Extension talk:CirrusSearch

Jump to navigation Jump to search

About this board

Discussion related to the CirrusSearch MediaWiki extension.

See also the open tasks for CirrusSearch on phabricator.

"Index is unknown retrying..." error on index generation script

6
MyWikis-JeffreyWang (talkcontribs)

When attempting to run php /var/www/mediawiki-1.35.2/w/extensions/CirrusSearch/maintenance/UpdateSearchIndexConfig.php, I'm getting the following output:

indexing namespaces...

mw_cirrus_metastore missing, creating new metastore index.

Creating metastore index... mw_cirrus_metastore_first Scanning available plugins...

none

ok

Index is unknown retrying...

I'm not sure how the index could be unknown when this is the script that's supposed to generate it. Here's my settings:

$wgCirrusSearchIndexBaseName = $wgDBname;

$wgDisableSearchUpdate = true;

$wgCirrusSearchClusters = [

    'default' => [

        [

            'host' => 'search-cirrus-randomcharsid.us-east-1.es.amazonaws.com',

            'port' => 443,

            'scheme' => 'https'

        ]

    ]

];

Any ideas on why this might be the case? Thanks in advance!

EBernhardson (WMF) (talkcontribs)

The message `Index is unknown retrying...` comes from the code that is waiting for the new metastore index to report it is fully created and healthy. While not particularly clear, it seems this means the request to create the index was submitted, but then the later requests to ask about the status of this new index are reporting no such index currently exists. Critically it appears no check is being performed against the index creation request response, it seems likely the index creation request is failing and then Cirrus bails when checking that index.
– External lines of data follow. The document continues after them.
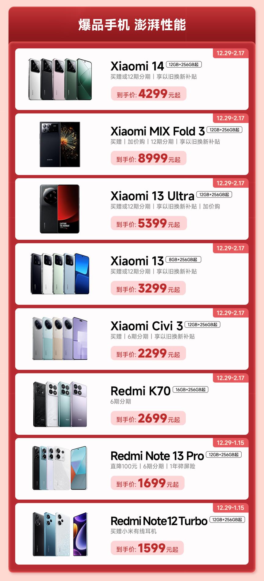 确实有些秃然,小米科技年货节这就澎湃开启,主打一个「人车家全生态」智能生活带回家。 2024年伊始小米就放大招,隆重推出100万份科技好礼以及最高800元的券包,其中发布不久的小米14和小米MIX Fold3均可享受以旧换新的补贴,最高24期免息分期,就连14天销量100万部的Redmi K70也会享受最高6期免息分期,足见小米这次活动的诚意。 智能可穿戴品类中,质感高端、性能多样,并且搭载小米澎湃OS的Xiaomi Watch S3也位列其中。另外,Xiaomi骨传导耳机到手价不足500,性价比再次提高。 为了突显智能家居的概念,小米电视、空调、冰箱、洗衣机等大家电产品也有大幅优惠,其中小米电视S Pro 65 Mini LED 65英寸直降700元;米家冰箱十字518L超薄平嵌最高直降500元;米家洗烘一体机尊享版10kg直降500元,为了让价格更卷,还能叠加100元优惠券以及享受以旧换新补贴优惠,这波羊毛不薅,真的要等一年了! 另外,从1月12日开始,小米还会推出万店迎新年活动,在活动期间线下消费的用户可以免费领取一份新年礼物,想春节换机的小伙伴不妨去康康!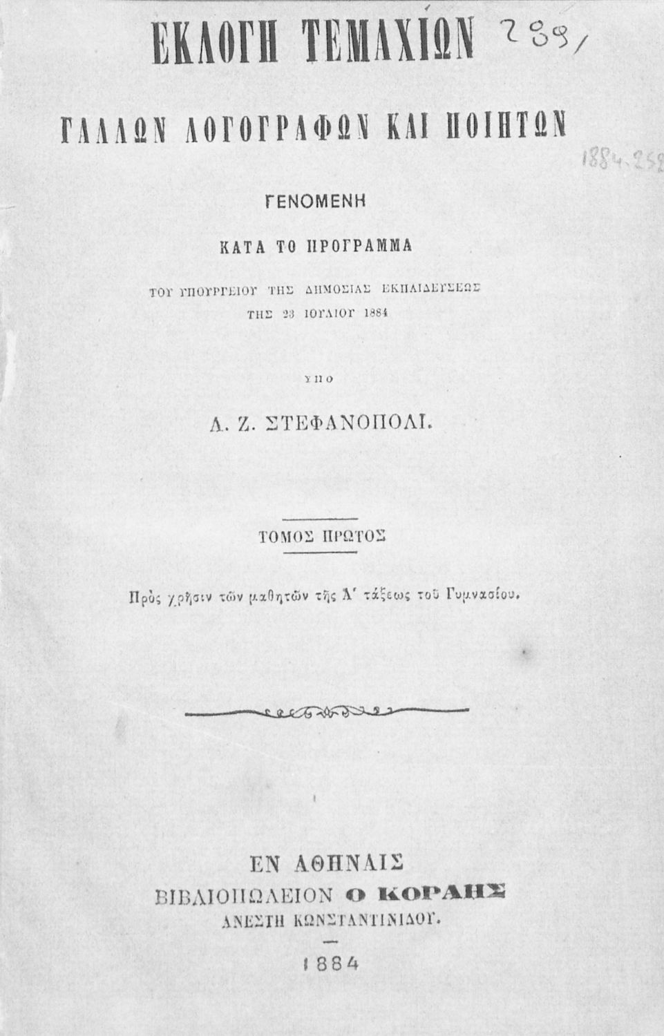 Τίτλος: Εκλογή τεμαχίων Γάλλων λογογράφων και ποιητών, Τόμος πρώτος, προς χρήσιν των μαθητών της Α΄ τάξεως του Γυμνασίου
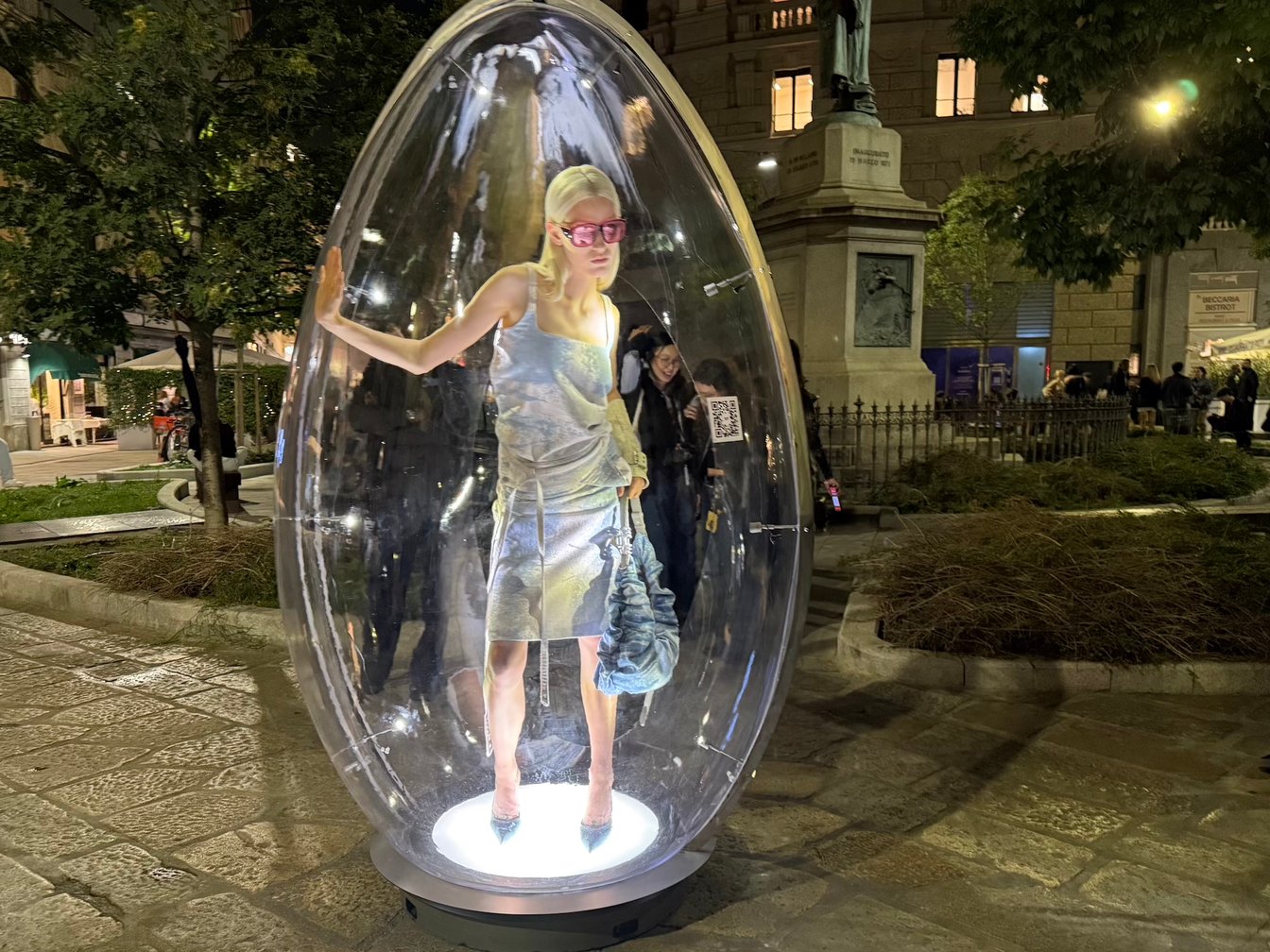 エッグ?ハントとは、春のイースター(復活祭)の時期に庭や公園などに卵を隠し、探して集める伝統的な遊びで、宝探しゲームのようなもの。今回の「ディーゼル?エッグ?ハント」はミラノ市の後援を受け、誰でも自由に参加できるイベントとして開催された。各スポットに設置されたモデルが入った卵型カプセルに併設したQRコードをスキャンしながらスタンプラリー形式で巡り、コレクションを楽しむことができる体験型ショーだった。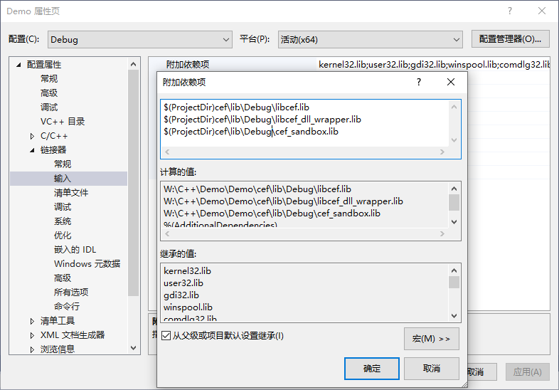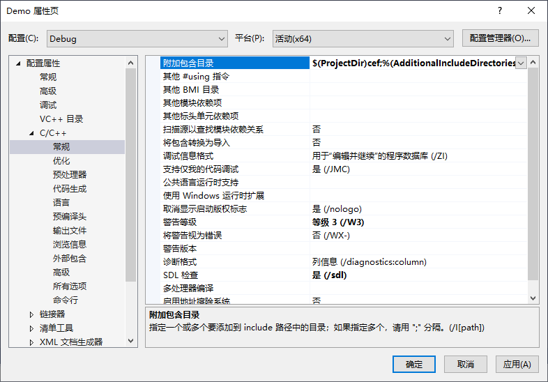 $(ProjectDir)cef,这里只能添加到cef这一层,不能是$(ProjectDir)cef\include,因为cef\include下的头文件都是通过#include "include/xx.h"方式来包含的。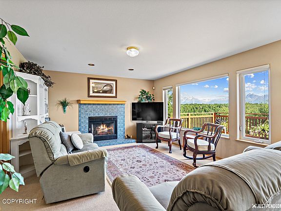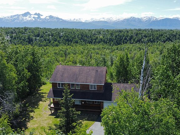 Seeking a home with amazing views? How about a convenient location but still feeling like you have your privacy? Welcome to your perfect retreat! This beautifully maintained two-story house with a basement offers spacious living and an oversized two-car garage. Nestled in a well-established neighborhood in Wasilla, this property seamlessly combines the convenience of city living with the sereneatmosphere of the countryside. Step inside to find a warm and inviting living space with a cozy wood fireplace and in-floor heat, perfect for those chilly Alaskan winters. The home boasts three spacious bedrooms and two and a half bathrooms, including a primary suite designed for comfort. Outside, the large back deck and charming front porch offer ample space for relaxation and entertaining,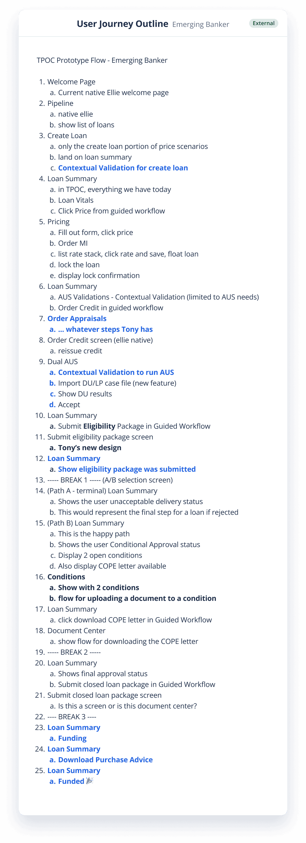Understand the mapping of the full loan servicing process, and then make a list of what steps a user is going to take in their UX journey, taking note of the conditional logic that could effect the users experience and how to guide them through it.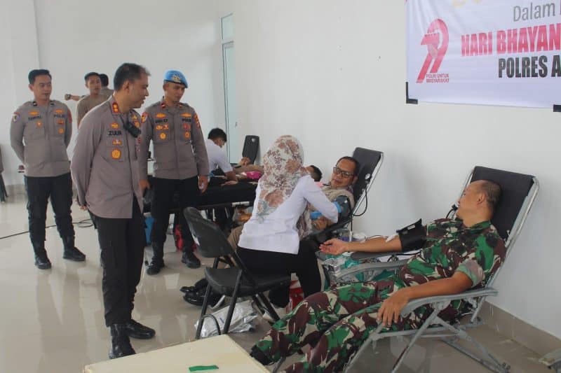 “Sebelum pengambilan darah, para pendonor terlebih dahulu mengikuti pemeriksaan fisik umum dan laboratorium sederhana seperti pengecekan golongan darah dan kadar hemoglobin (HB). Setelah dinyatakan memenuhi syarat, baru dilanjutkan dengan proses pengambilan darah,” ujar Kapolres Aceh Jaya.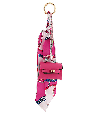 Mini Handbag Scarf Keychain - Fuchsia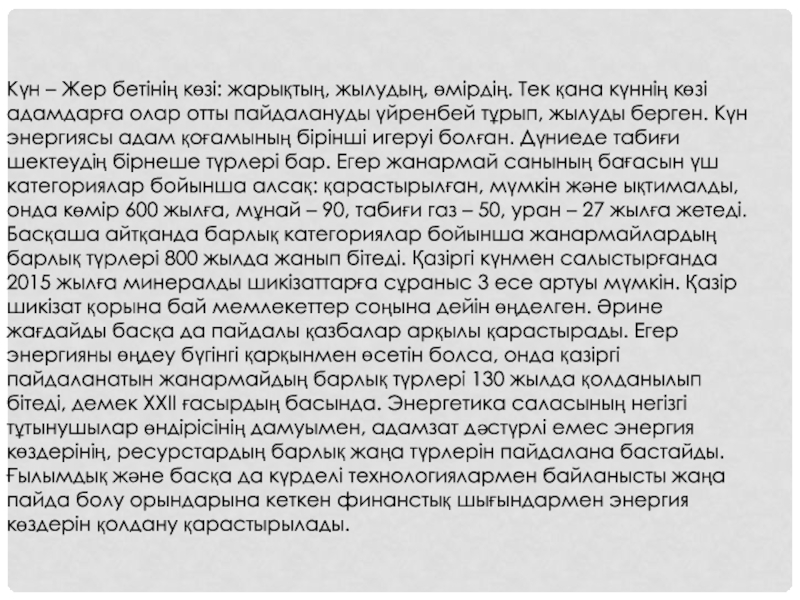 Презентация, доклад на тему Күн энергетикасы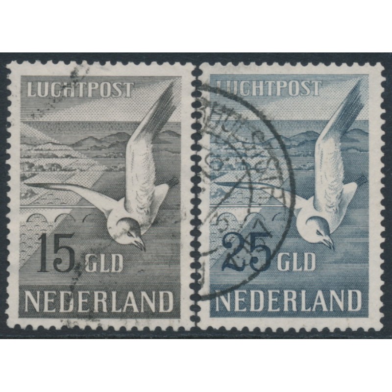 NETHERLANDS / NEDERLAND 1951 15G brown-black & 25G grey-blue Seagull airmail set of 2, used – no thins, tears or bends. NVPH Cat. # LP12 + LP13 Michel Cat. # 580-581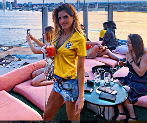 A baianinha Carol Magalhães que se encontra em temporada novaiorquina onde está fazendo um curso intensivo, veste verde e amarelo para o grande jogo do Brasil que começa às 9 horas (horário de Brasília) para enfrentar a Costa Rica, no Estádio Saint Petersburg (Krestovsky Stadium).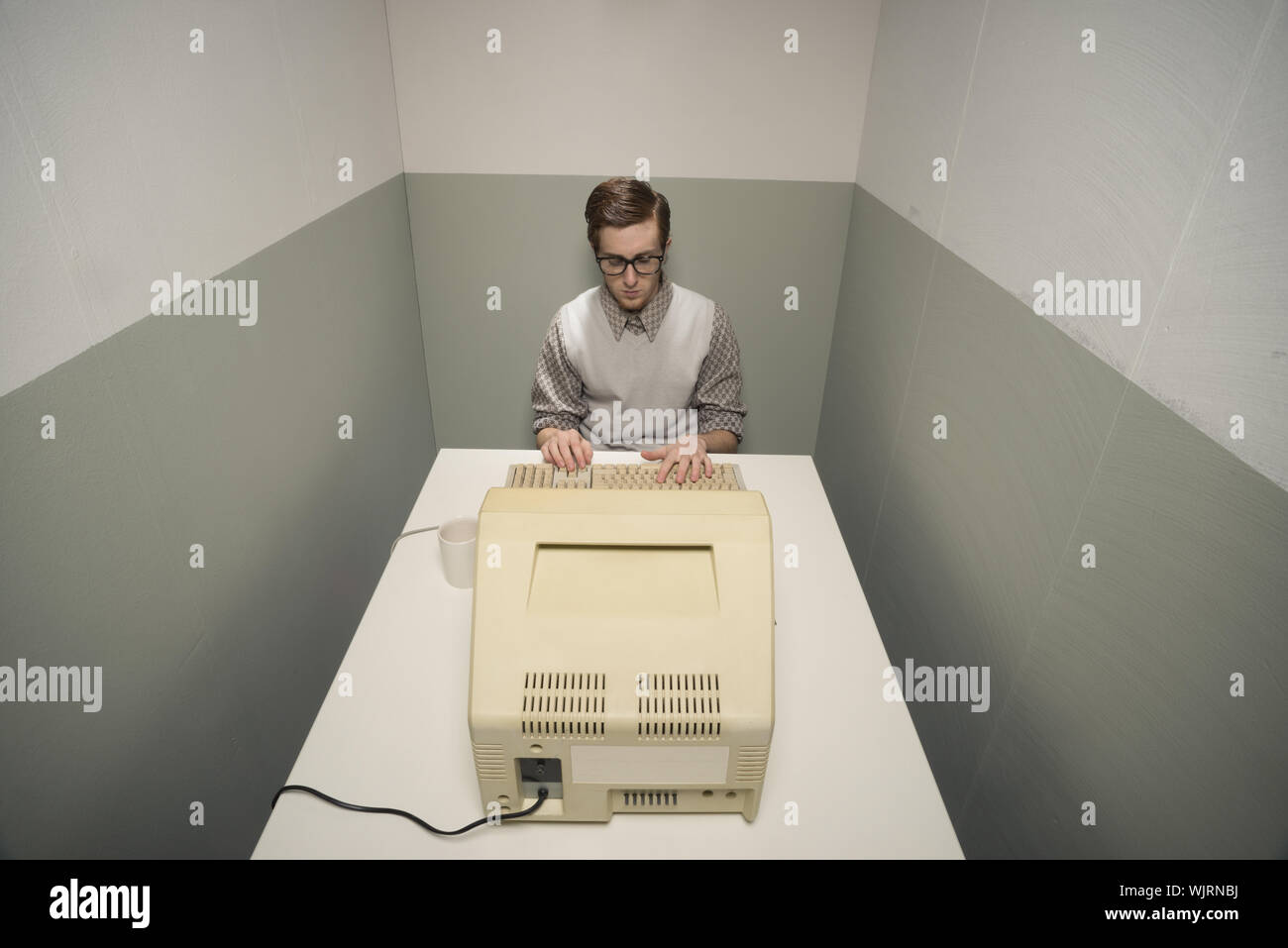 Vintage Nerd Guy Working On Old Computer In A Small Room Stock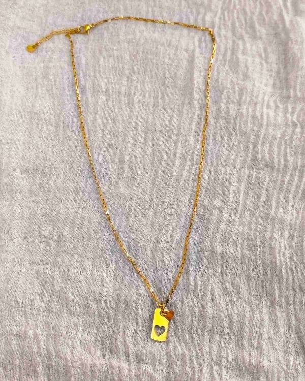 Κολίε αλυσίδα ατσάλινη σε χρυσό, με στοιχείο ατσάλινο πλάκε με καρδια και μια ακόμη καρδούλα. Η δίασταση του στοιχείου είναι 2 Χ 1 εκ και η μικρή καρδούλα είναι 0,50 Χ 0,50 εκ, η αλυσίδα είναι 26 εκ και όλο μαζί είναι 28 εκ. Θα το παραλάβετε σε συσκευασία δώρου.

Cirrus will need to be adjusted to do a better job at error reporting here, but that will only improve reporting it wouldn't fix your actual problem. My first guess would be, which version of elasticsearch are you using? I'm pretty sure the existing metastore index would be rejected by elastic >= 7.0.

MyWikis-JeffreyWang (talkcontribs)

Hi @EBernhardson (WMF), thanks for your reply! I am using Elasticsearch 6.5.4 on AWS's managed version of Elasticsearch, and using MediaWiki 1.35 (and CirrusSearch and Elastica are both on the REL1_35 branch of Git).

If it helps, I have "elasticsearch/elasticsearch": "6.7.2" in my composer.local.json because of T276854. So I guess I'm already laughing a bit at myself for picking two different versions. I'm using 6.5.4 because of the recommendation on the CirrusSearch extension page, but I'm wondering if it's safe to go up to 6.7 or 6.8.

Ciencia Al Poder (talkcontribs)

MediaWiki 1.33.x to 1.36.x require Elasticsearch 6.5.x (6.5.4 recommended).

Any other version (even newer ones than the requirement) will report ES is not compatible and fail instantly. (or at least that was happening some versions ago)

MyWikis-JeffreyWang (talkcontribs)

@Ciencia Al Poder The problem is that when I don't add that line into my composer.local.json I get the issue reported at T276854.

MyWikis-JeffreyWang (talkcontribs)
Reply to ""Index is unknown retrying..." error on index generation script"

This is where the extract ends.